Capi sitting on a beach petting a dog
Capi with the family’s Gordon setter, Pam, a regular member of the Caprice’s crew.

“Say, you remember dat night your dog stayed in de water all night? Well, de next night dat cougar got my old billy-​goat on dat little island where I keep ’im.” He pointed to a small island not very far from where we stood. He had heard the old goat bleating or screaming at about four in the morning, and knew that something was wrong. He grabbed his gun; ran down to the float and rowed across. There was a great round boulder on the beach, and he could see the head and shoulders of the goat sticking out on one side. The goat was lying on the ground and he thought it might have broken its leg, for it kept making this awful noise. He stepped out of the boat and started towards it—then turned back and picked up his gun.

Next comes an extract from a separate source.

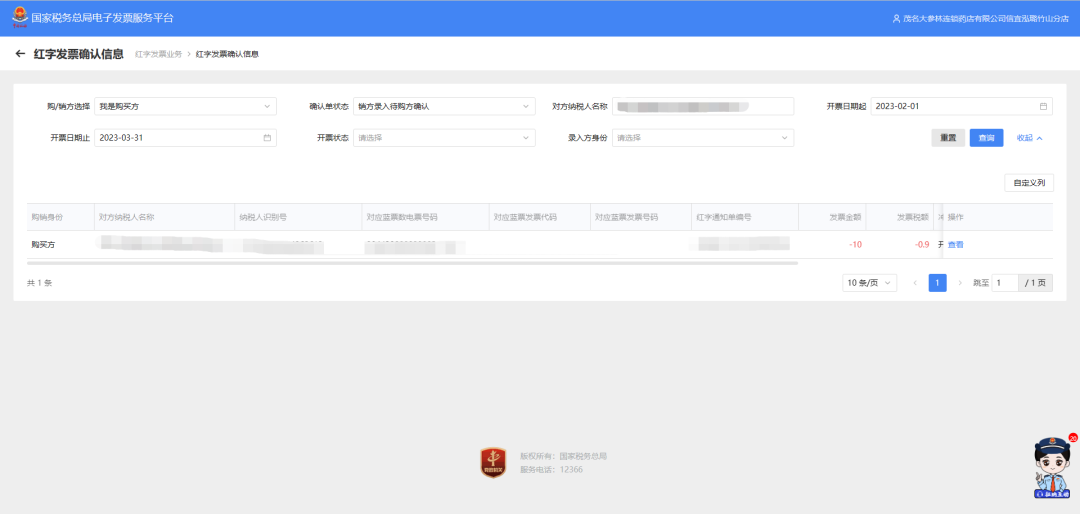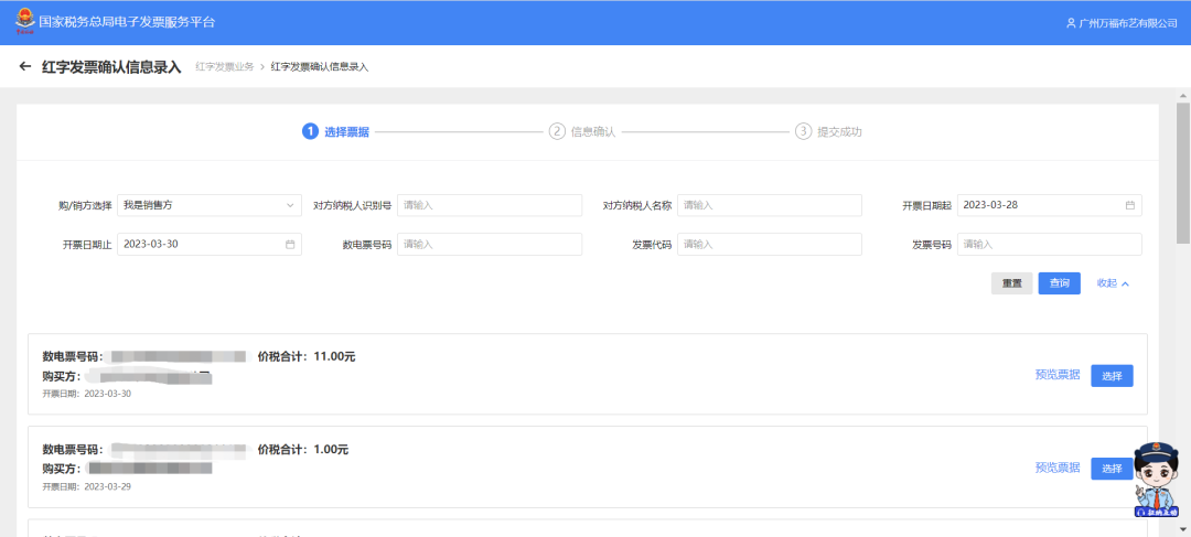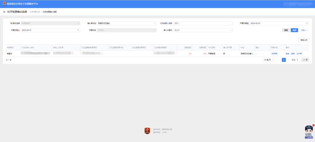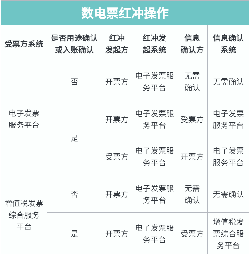 (一)开票方开具数电票后,受票方未做用途确认及入账确认的,开票方在电子发票服务平台填开《红字发票信息确认单》后全额开具红字数电票,无需受票方确认。1.功能菜单依次选择【开票业务】-【红字发票开具】;在搜索栏输入【红字发票开具】,可快速查找【红字发票开具】。或者可通过选择【税务数字账户】-【红字信息确认单】进入红字开具模块。2.纳税人在主页面-常用功能模块点击“红字发票确认信息录入”,进入新增红字发票确认信息界面。4. 在页面点击“选择”,将选中的蓝字发票信息自动带入到页面。1.受票方使用电子发票服务平台,开票方或受票方均可在电子发票服务平台填开并上传《红字发票信息确认单》,经对方在电子发票服务平台确认后,开票方才可全额或部分开具红字数电票。确认操作如下:(1)纳税人登录后需在主页面(红字发票开具初始化页面)点击“红字发票确认信息处理”。2.受票方继续使用增值税发票综合服务平台,由开票方在电子发票服务平台填开并上传《确认单》,经受票方在增值税发票综合服务平台确认后,开票方全额或部分开具红字数电票或红字纸质发票。(1)在菜单中依次选择【发票管理】—【红字申请确认】,进入如下界面。(2)选择“待确认”,根据发票信息输入发票号码和销方识别号,点击【查询】。6.在弹出窗口中查看红字发票信息确认单的数据是否正确,向下滑动竖型条,进入界面。1.当红字确认单状态是购销双方已确认状态或者无需确认状态时,开票方在主页面(红字发票开具页面)-常用功能模块中点击“红字发票开具”。现在大家对数电票的红冲流程有了一些了解了吧~下面这张表格也可以辅助大家记忆哦~1.试点纳税人在电子税务局刚开具了一张蓝字发票,点击【开具红字发票】模块为什么没有信息?试点纳税人开具蓝字发票后,如果需要开具红字发票,需登录电子税务局,在【我要办税】-【开票业务】-【红字发票开具】或者在【我要办税】-【税务数字账户】-【红字信息确认单】模块,点击【红字发票信息表录入】,选择需要红冲的发票确认信息后点击提交,如果无须对方确认即可点击【去开红字发票】开具红字发票,如需对方确认,需要对方进行确认后再行开具红字发票。2.为什么我发起红字发票信息确认流程后无法在【红字发票开具模块】开具红字发票?红字发票信息确认单状态需为购销双方已确认状态或无需确认状态才可直接开具,否则需要确认红字发票信息单后再行开具;收购类发票抵扣勾选后发起红字信息无需对方确认,可以直接开具红字发票。3.我企业是数字化电子发票试点企业,已经开具过数字化电子发票,现在要进行红冲,为什么现在登录电子税务局找不到开票业务这个模块了?试点纳税人登录电子税务局时确认选择的人员权限是否是开票员或者法人及财务负责人,如果选择的办税员登录的话是没有开票业务这个模块的,建议切换至开票员、法人或者财务负责人进行操作。4.我在电子税务局开具红字发票时为什么只能全额开具红字发票?受票方未进行用途确认时,由开票方通过电子税务局发起《红字信息确认单》后全额开具红字数字化电子发票,无需受票方确认;如果受票方已进行用途确认,购销双方任意一方可在电子税务局(当受票方为非试点纳税人时,在增值税发票综合服务平台发起和确认)发起《红字信息确认单》,经对方确认后可以选择全额或部分开具红字数字化电子发票。5.我是试点纳税人,在增值税发票管理系统中已开具红字信息表但还未开具红字发票,是否可以在电子税务局中直接开具? 不可以。红字信息表和红字确认单未实现互相转换,对校验通过的红字信息表仍需通过增值税发票管理系统开具红字发票。6.我是试点纳税人,通过电子税务局接收的数字化电子发票有错误且未抵扣勾选,是否可以开具红字发票?可以,但只能由开票方发起开具红字发票的流程,开具红字发票的原因选择“开票有误”。7.我可以在电子税务局查看增值税发票管理系统开具的红字信息表吗?纳税人需登录电子税务局,在【我要办税】-【开票业务】-【红字发票开具】模块下,下拉页面在“红字发票确认单信息”里的“我发出的信息表”模块查看,需下载和撤销请在增值税发票管理系统操作。

“Atter dat dog of yours I weren’t taking no chances,” he said. He skirted out and around the boulder . . . There, hanging on to the hind-​end of the goat, was a full-​sized cougar.

“I got ’im first shot—between de eyes . . . den I ’ad to shoot de goat.”

We followed him up to the woodshed, where he had the skin pegged out on the wall. It was a big one, eight or nine feet long. Pam gave one sniff at it and slunk back to the boat.

“See!” said Phil, “dat ain’t no bear-​acting!”

I realized it wasn’t—Pam barks hysterically when she runs from a bear.

“Don’t you let dos kids of your sleep on shore wid de dog at night—ever. De cougar would be atter de dog, but de kids might get hurt too.”

Nothing would have induced any of them to sleep on shore again, with or without the dog—after seeing that skin.